Visible to the public Biblio

Filters: Author is Onut, Iosif-Viorel  [Clear All Filters]
2017-05-22
Hooshmand, Salman, Mahmud, Akib, Bochmann, Gregor V., Faheem, Muhammad, Jourdan, Guy-Vincent, Couturier, Russ, Onut, Iosif-Viorel.  2016.  D-ForenRIA: Distributed Reconstruction of User-Interactions for Rich Internet Applications. Proceedings of the 25th International Conference Companion on World Wide Web. :211–214.

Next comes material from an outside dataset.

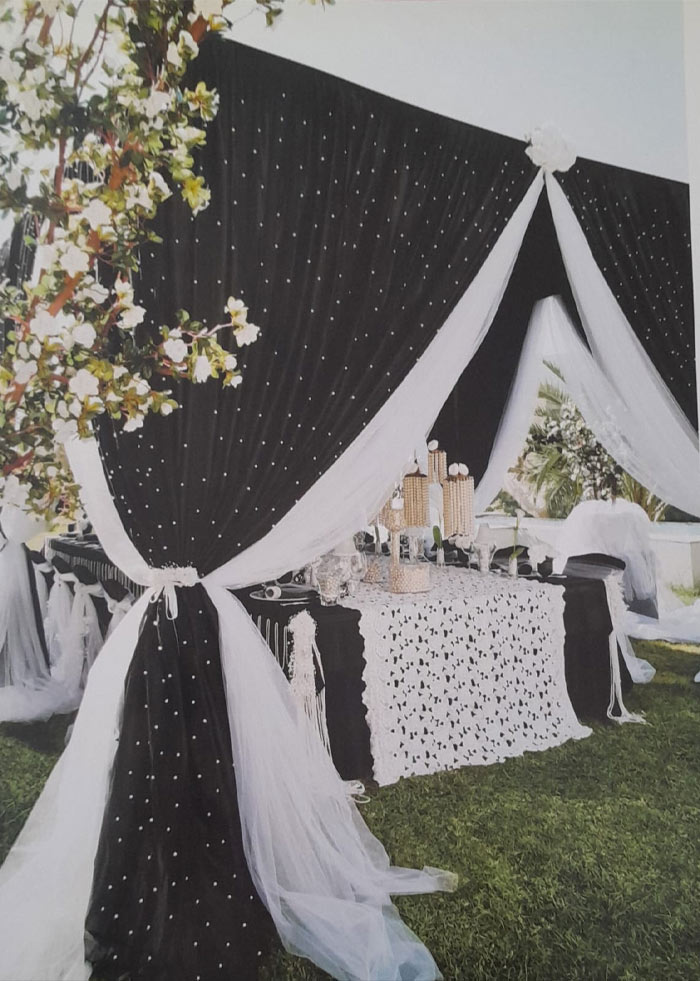 مائدة تخرج عما هو مألوف... جريئة لجهة اختيار الأسود لأغطية الطاولة والكراسي، ولكنها تنبض بالفخامة. الصور والتفاصيل في هذا الرابط: بالأسود والأبيض!

We present D-ForenRIA, a distributed forensic tool to automatically reconstruct user-sessions in Rich Internet Applications (RIAs), using solely the full HTTP traces of the sessions as input. D-ForenRIA recovers automatically each browser state, reconstructs the DOMs and re-creates screenshots of what was displayed to the user. The tool also recovers every action taken by the user on each state, including the user-input data. Our application domain is security forensics, where sometimes months-old sessions must be quickly reconstructed for immediate inspection. We will demonstrate our tool on a series of RIAs, including a vulnerable banking application created by IBM Security for testing purposes. In that case study, the attacker visits the vulnerable web site, and exploits several vulnerabilities (SQL-injections, XSS...) to gain access to private information and to perform unauthorized transactions. D-ForenRIA can reconstruct the session, including screenshots of all pages seen by the hacker, DOM of each page and the steps taken for unauthorized login and the inputs hacker exploited for the SQL-injection attack. D-ForenRIA is made efficient by applying advanced reconstruction techniques and by using several browsers concurrently to speed up the reconstruction process. Although we developed D-ForenRIA in the context of security forensics, the tool can also be useful in other contexts such as aided RIAs debugging and automated RIAs scanning.